2023/12/14 11:19:53 INFO: Syncing 514 entries with HASSIO from queryDeviceList.
UUUUUU?UU?UU?UUU?U?U?UUU????UU??U?U??CU?UUUUCUUU?U?U??UUUUU?UU?U??U???UUUU?U?UCUCUUUUUUU???UUUUUUUUUUUUUU?UU??U?UUUUUUU?UUU??UU?U?UU?UUUCUUUU??UUCUUU?UUUUUUCU?UU?CUUU?UUUUCUU?UUUUUUUUUUUUUCUCU?UUUUUCUUU?CUU?CU??UUCUCUU?UU
U-UU-UU---U-UCU--UUU-UUU-U-UU-U--UCU--UU-
2023/12/14 11:19:53 INFO: Syncing 148 entries with HASSIO from getPsList.
UUUUUUUUUUUUUUU?UUUUUUUUUUUCUUUUUUUUUUU?UUUUUUUUUUUUUUCUUUUUUUUUUUUUUUUUU?U?UUUUUUUUUUUUUUUCUUUUUUUUUUUUCUUUUUUUUUUUUUUUU?UUUUUUUUUUUUUUUUUUUUUUUUU?UU?CU
PsId: required
JSON request:   {"ps_id":9999999}

2023/12/14 11:25:43 ERROR: getApi: API httpResponse is 500 Internal Server Error
Error: getApi: API httpResponse is 500 Internal Server Error
Usage:
  GoSungrow mqtt run [flags]

Aliases:
  run, 

Examples:
    GoSungrow mqtt run  

Flags: Use "GoSungrow help flags" for more info.

Additional help topics:

ERROR: getApi: API httpResponse is 500 Internal Server Error
s6-rc: info: service legacy-services: stopping
s6-rc: info: service legacy-services successfully stopped
s6-rc: info: service legacy-cont-init: stopping
s6-rc: info: service legacy-cont-init successfully stopped
s6-rc: info: service fix-attrs: stopping
s6-rc: info: service fix-attrs successfully stopped
s6-rc: info: service s6rc-oneshot-runner: stopping
s6-rc: info: service s6rc-oneshot-runner successfully stopped

My guess is that this is exactly what it seems: there was a transient problem at the other end. Having sensed this error, GoSungrow has exited and stopped the container.

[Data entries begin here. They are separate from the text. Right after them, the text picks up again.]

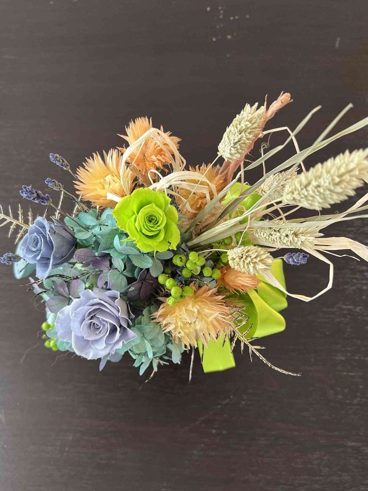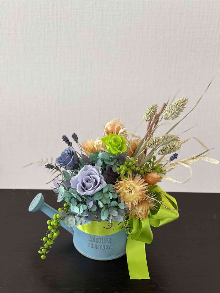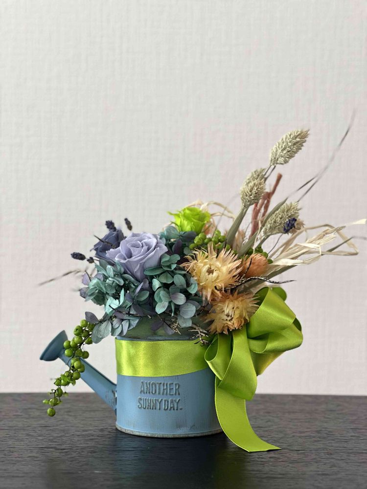 花材🌷ブリキジョウロ、プリバラ、セラミッドアジサイ、ペッパーベリー、ボアプランツ、シルバーデイジー、シダバンドル、ラフィア、リボン他
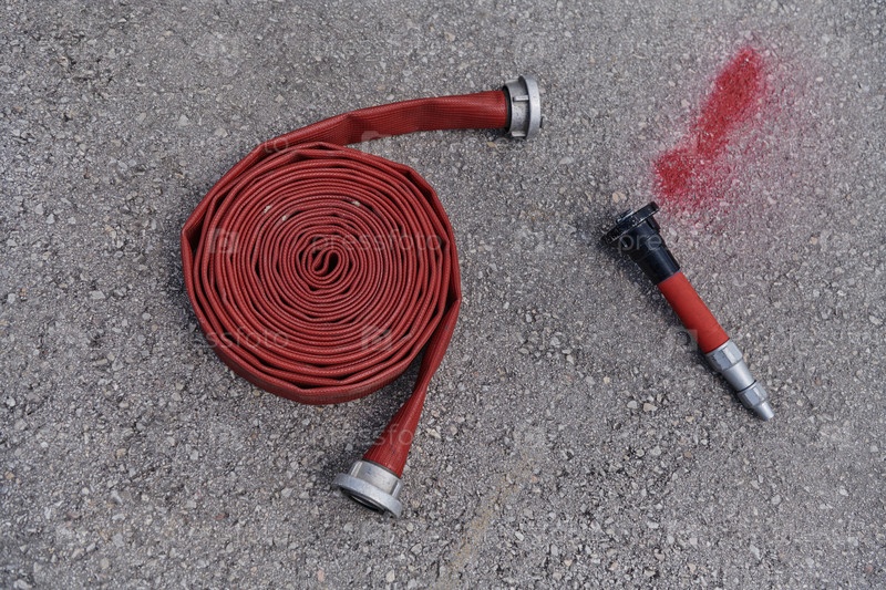 Свернутый пожарный шланг готов к действию на земле
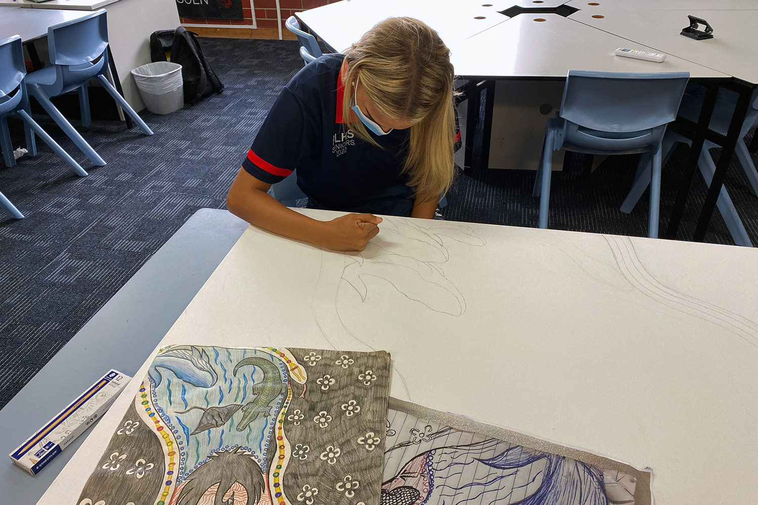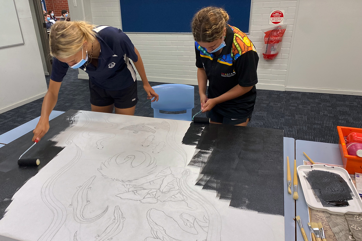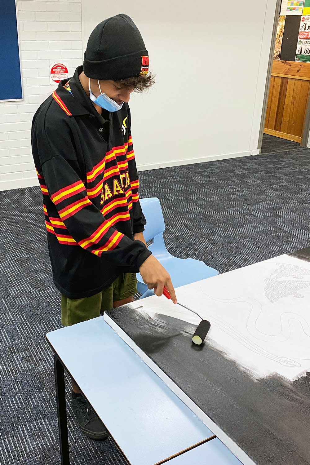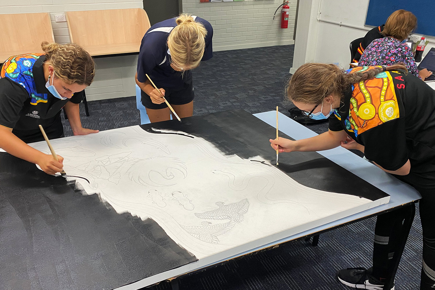 Over the course of Term 1, our Stage 2 SAASTA students have been required to work collaboratively to construct a themed and unique guernsey design to be worn at the 2022 Santos Aboriginal Power Cup – this annual event sees SAASTA academies from around the state compete against each other in Adelaide in an Australian Rules Football carnival.
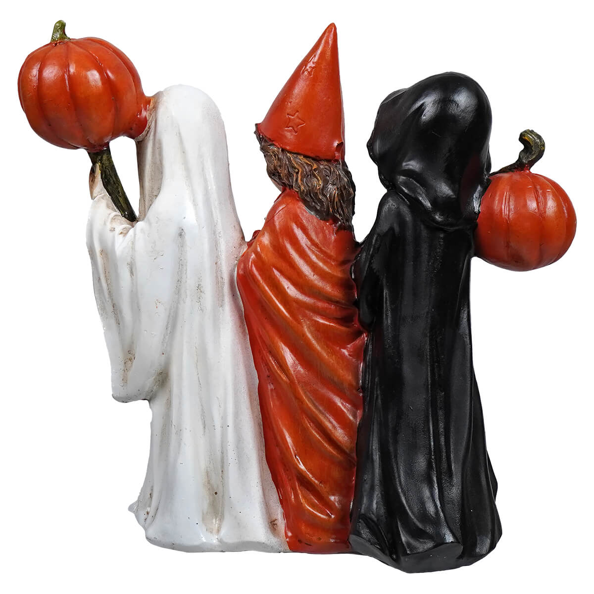 Crafted with careful attention to detail, this resin figure displays a charming blend of expressions and textures. The folds of the ghost costume, the intricate carving of the jack-o'-lanterns, and the playful pose of the cat all contribute to the figure's lively and engaging presence. The size of the piece makes it a perfect fit for a tabletop, mantel, or entryway, where it can greet guests and set the tone for the season.
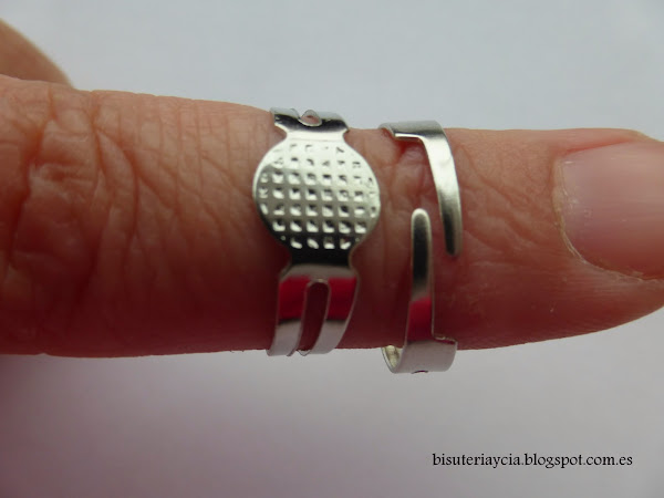 Ahora colocaremos la base de los anillos en el sitio donde estaban colocados los pendientes, yo he usado anillos ajustables, así si quiero regalar uno no tendré problemas con la medida del dedo.
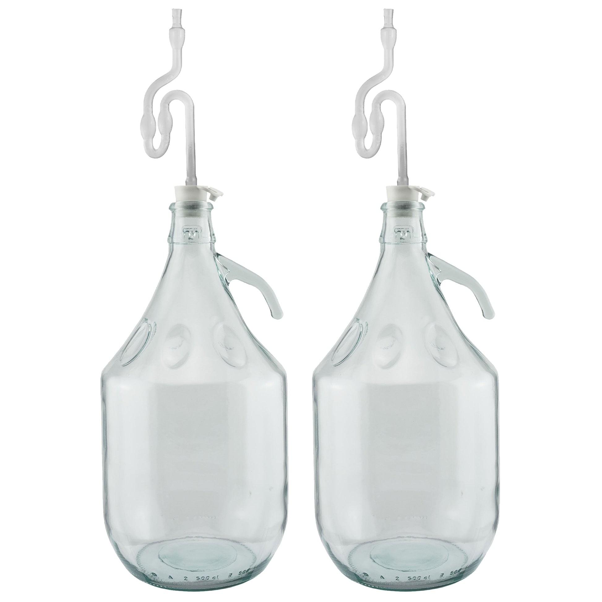 Set of 2 Plain 5L Glass Demijohns Complete With Airlock and Bung

Other than the hassio_observer container, HomeAssistant has a policy of launching all containers without a restart policy. The reason for the policy is given here.

In effect, the policy places the responsibility on containers to do their best to keep truckin' and only ever exit if there's a solid reason. Therefore, ideally, GoSungrow should accept this responsibility and retry a reasonable number of times before throwing up its hands and exiting.

workaround

If you also find your GoSungrow add-on just stopping from time to time, you can use this workaround to tell Docker that the container should be kept alive:

  1. Start the container in the HA UI.

  2. Use the Advanced SSH & Web Terminal add-on to execute:

    $ GOSUNGROW=$(docker ps -a --format "table {{.Names}}" | grep gosungrow)
    $ docker update --restart unless-stopped $GOSUNGROW
  3. Confirm that the policy has been applied:

    $ docker inspect $GOSUNGROW | jq .[0].HostConfig.RestartPolicy.Name
    "unless-stopped"